Many dietary phytochemicals and extracts derived from herbs have been tested as antioxidants, or as inhibitors of cancer cell proliferation in vitro and in vivo [24]. Recent reports have demonstrated that BP is cytotoxic to various cancer cells including glioblastoma multiforme (GBM), hepatocellular carcinoma (HCC) and prostate cancer. However, the effect of BP on human bladder cancer cells has not been addressed. Based on the abovementioned discovery that patients who have been exposed to Angelica sinensis have lower incidence of bladder cancer, we thus intended to study the probable physiological effect of BP on bladder cancer using bladder cancer cell lines of various stages.

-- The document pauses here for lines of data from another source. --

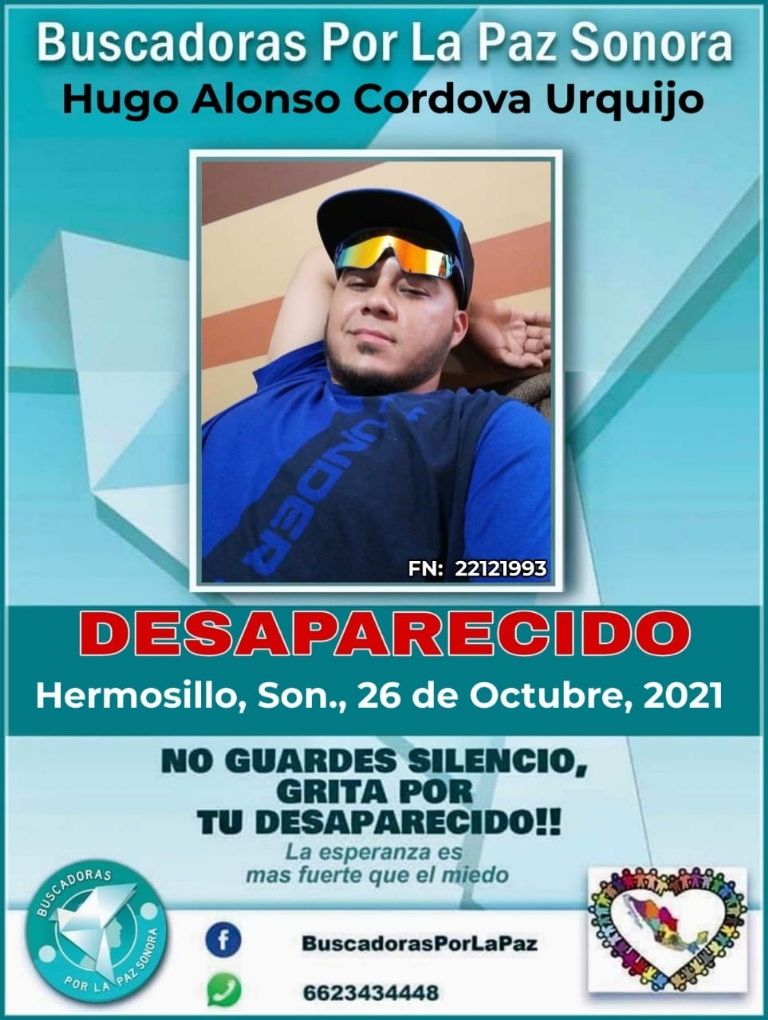 Hermosillo, Sonora.- La tarde de este jueves 28 de octubre, el colectivo Buscadoras por la Paz informó sobre la infortunada desaparición de Hugo Alonso Córdova Urquijo, de quien nada se sabe desde hace varios días en Hermosillo, Sonora.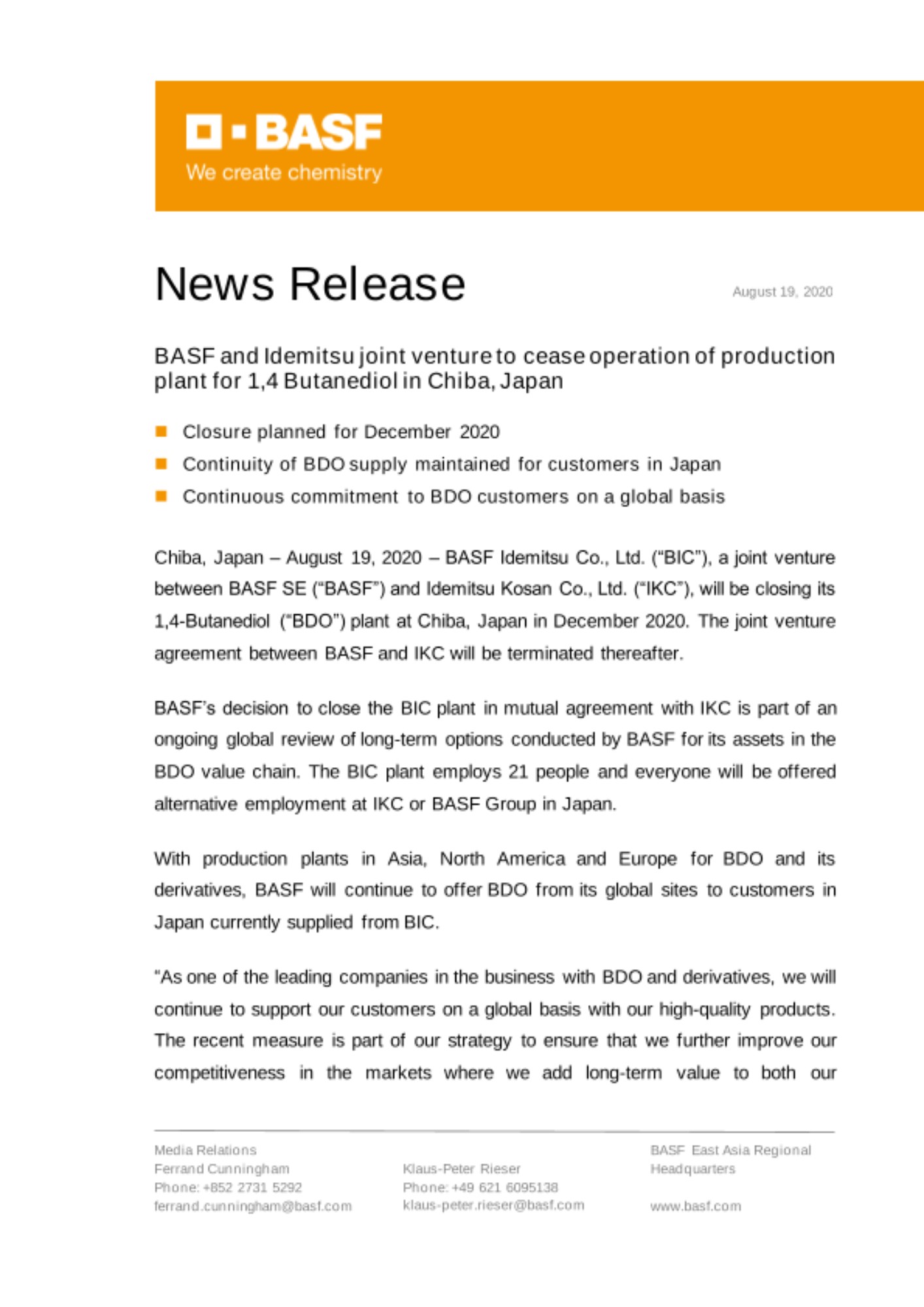 Chiba, Japan – August 19, 2020 – BASF Idemitsu Co., Ltd. (“BIC”), a joint venture between BASF SE (“BASF”) and Idemitsu Kosan Co., Ltd. (“IKC”), will be closing its 1,4-Butanediol (“BDO”) plant at Chiba, Japan in December 2020. The joint venture agreement between BASF and IKC will be terminated thereafter.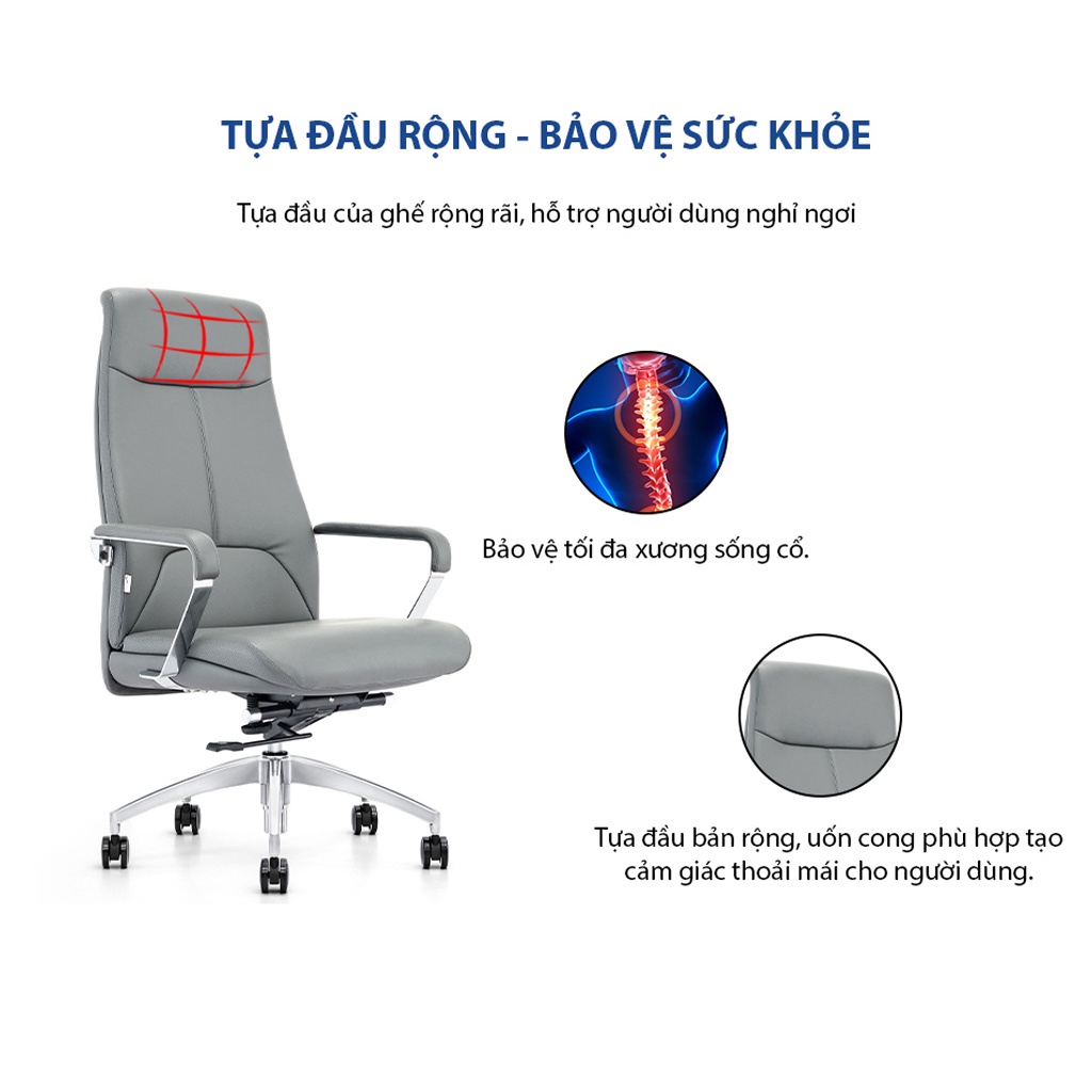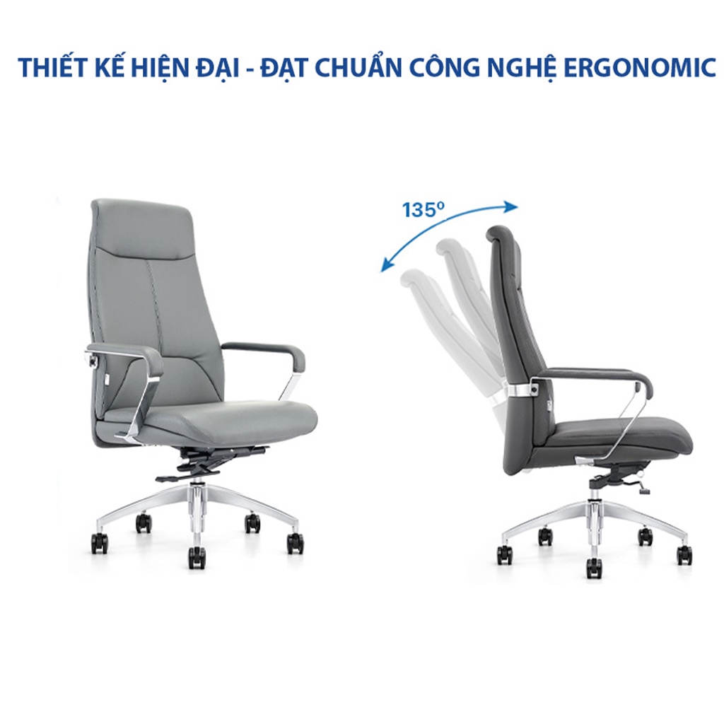 + Thiết kế lưng cao, ghế chân xoay với kiểu dáng hiện đại.

In the subsequent study, we demonstrated the cytotoxic effect of BP on various human bladder cancer cells. BP induced mitochondria-dependent apoptotic cell death, and inhibited the migration of the 4 bladder cancer cell lines. Interestingly, the 4 bladder cancer cell lines were isolated from different stages of bladder cancer. We thus speculated that BP might have therapeutic potential in treating bladder cancer of different stages. However, testing the therapeutic potential of BP in these stages of bladder cancers needs to be evaluated in different mouse models.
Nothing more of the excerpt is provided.